Every line of the listing below should be written out exactly, minus its pictures.

Input data:

###

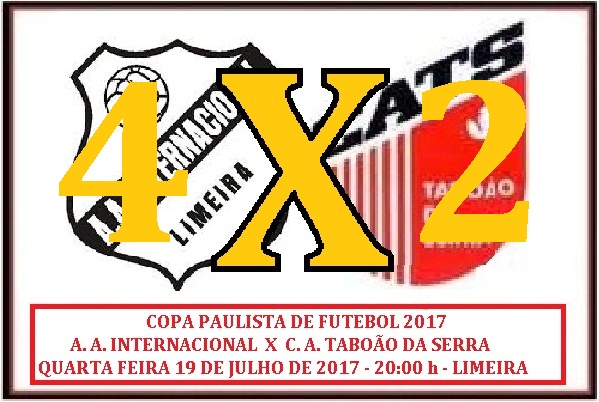 Na noite desta 4ª feira, (19), o Estádio Major José Levi Sobrinho, o Limeião, foi o palco da partida válida pela 4ª rodada do 1º turno da 1ª fase da Copa Paulista Edição 2017, que teve frente a frente, as equipes da A. A. Internacional (o Leão da Paulista) e do C. A. Taboão da Serra, (o Cão Pastor).
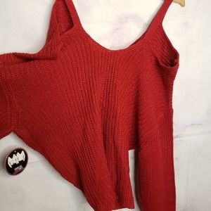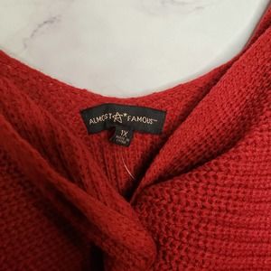ALMOST FAMOUS red knit twisted cold shoulder pullover sweater
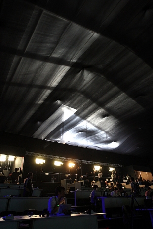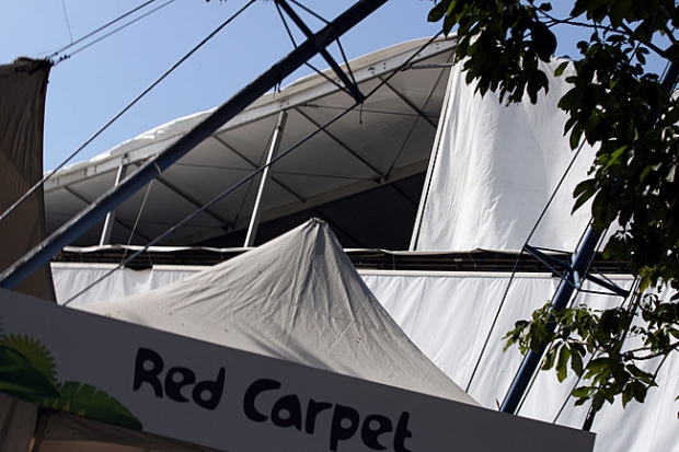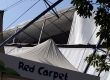 Estrago na lona visto do lado de fora da arena

###

Finished task:
 Na noite desta 4ª feira, (19), o Estádio Major José Levi Sobrinho, o Limeião, foi o palco da partida válida pela 4ª rodada do 1º turno da 1ª fase da Copa Paulista Edição 2017, que teve frente a frente, as equipes da A. A. Internacional (o Leão da Paulista) e do C. A. Taboão da Serra, (o Cão Pastor).
ALMOST FAMOUS red knit twisted cold shoulder pullover sweater
 Estrago na lona visto do lado de fora da arena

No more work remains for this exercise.